Ezra Pound · New Directions · 1926

Personae is the title Pound gave to his collected shorter poems, first published as a small collection by Elkin Mathews in 1909 and then expanded into the definitive edition published by Boni & Liveright in 1926 (later taken over by New Directions). The 1926 edition gathers virtually all of Pound’s shorter poems from 1908 to 1920 — the period in which he invented Imagism, championed Vorticism, revolutionized translation, and transformed the possibilities of English-language poetry.

The Poems

The collection includes work from six earlier volumes, arranged roughly chronologically:

Early work (1908-1912) — Provençal imitations, dramatic monologues in the voices of medieval troubadours, exercises in archaic diction that already show Pound’s extraordinary ear and his determination to make the past speak in the present.

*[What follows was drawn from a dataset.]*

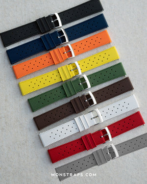 Our latest generation of tropical style strap, now molded in FKM rubber for superior durability. This is the same top grade rubber used in aerospace industry. As usual, our straps are resistant to UV rays, extreme temperatures, mechanical stresses, chemicals, and seawater. All our FKM tropical style strap also comes with pre-installed quick release spring bars for easy strap change.
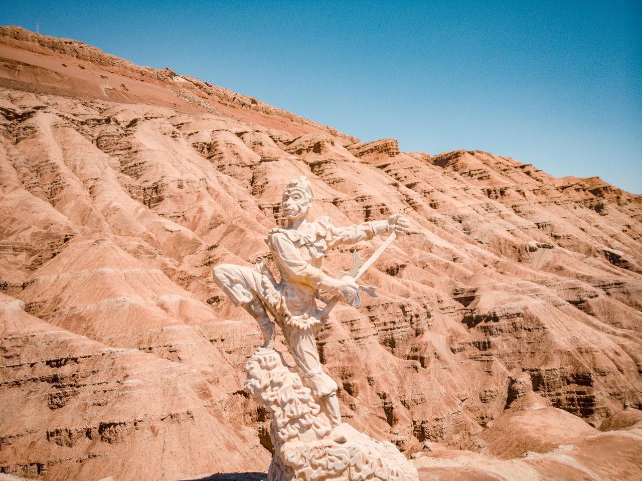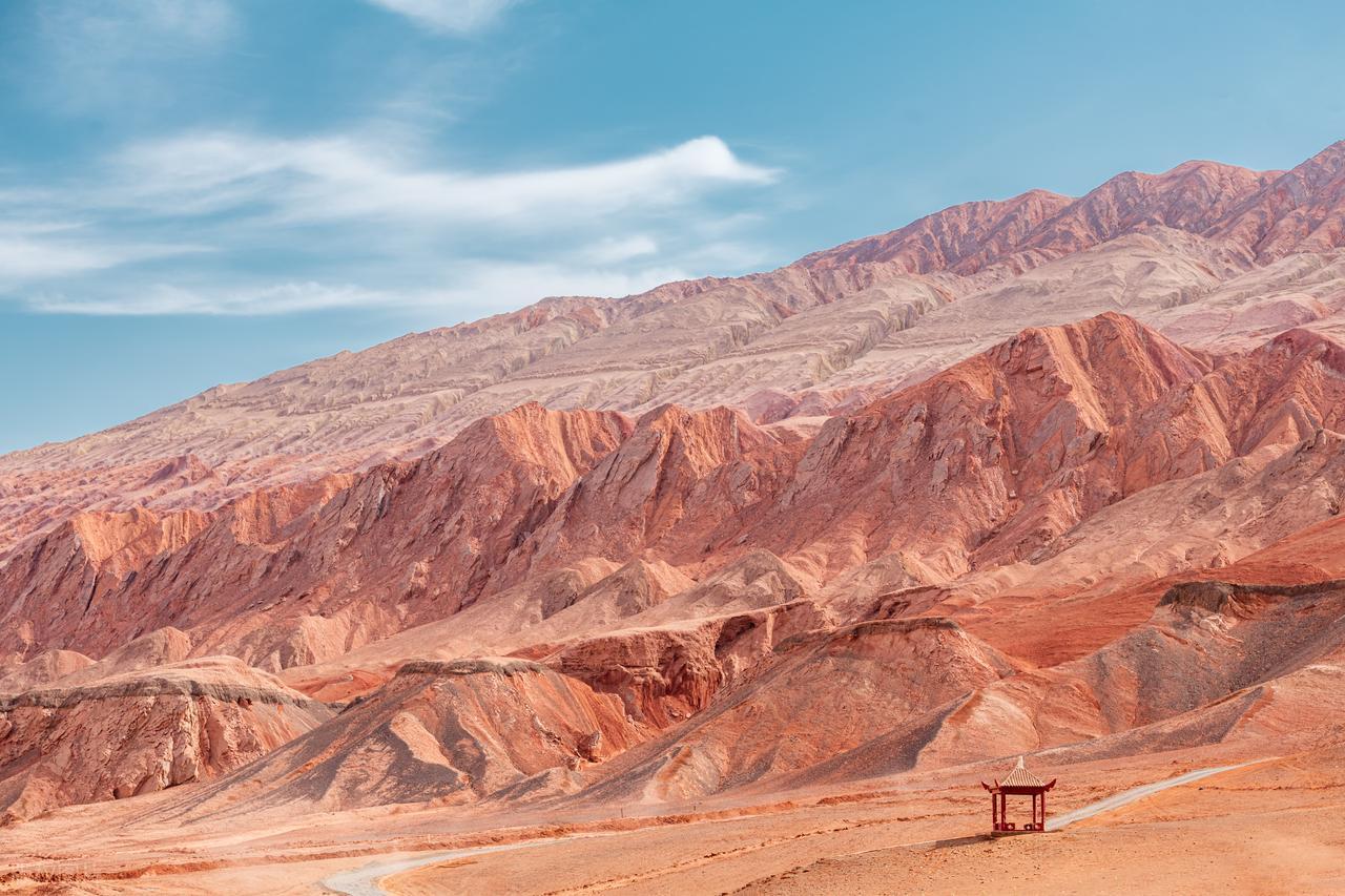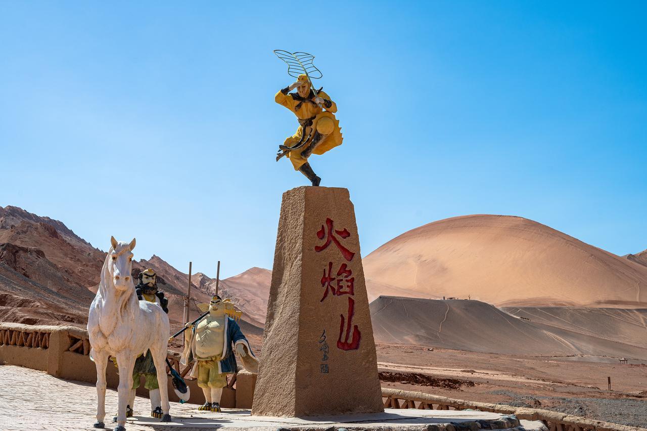 這山色如火的險峻之地,曾是絲綢古道難以迴避的險關。古人艱難跋涉於這沙磧熱海,駝鈴聲斷斷續續地穿過熱霾,不知幾多商賈旅人於這蒸騰地獄裏耗盡了最後一口水,最終倒斃在灼沙之上。如今旅人卻多是帶着獵奇的熱情,遠道而來,一探火焰山的威名。他們或立於石碑前拍照留念,或快走幾步,便匆匆躲進車廂,以空調的清涼來對抗這千古的酷烈——今人匆匆一瞥,實難測知古人用生命丈量過的荒涼與艱難。

Imagist poems (1912-1914) — “In a Station of the Metro” (perhaps the most famous short poem of the twentieth century: “The apparition of these faces in the crowd; / Petals on a wet, black bough”), “The Return,” “The Garden,” “Liu Ch’e.” These poems are Pound’s purest achievement: direct treatment of the thing, no word that does not contribute, the musical phrase rather than the metronome.

Cathay (1915) — Pound’s translations from the Chinese (working from Ernest Fenollosa’s notebooks), which T.S. Eliot called “the invention of Chinese poetry for our time.” These are not scholarly translations but acts of poetic creation: Pound’s English captures something the originals possess that literal translation cannot.

“Homage to Sextus Propertius” (1919) — a creative translation of the Roman elegist that infuriated classicists (the Latinity is deliberately “wrong”) and delighted poets. Pound uses Propertius to comment on empire, on the poet’s relationship to power, and on the futility of patriotic art.

“Hugh Selwyn Mauberley” (1920) — Pound’s farewell to London, a sequence in which a fictional poet’s failure mirrors Pound’s disillusionment with English literary culture. It is his most polished long sequence and, some critics argue, his finest sustained achievement.

Significance

Personae documents the most productive decade in modern English-language poetry. Between 1912 and 1920, Pound effectively remade the art: he promulgated Imagism’s three principles, edited Eliot’s Waste Land, discovered and promoted Joyce and Lewis, and wrote the poems that demonstrated what his principles looked like in practice.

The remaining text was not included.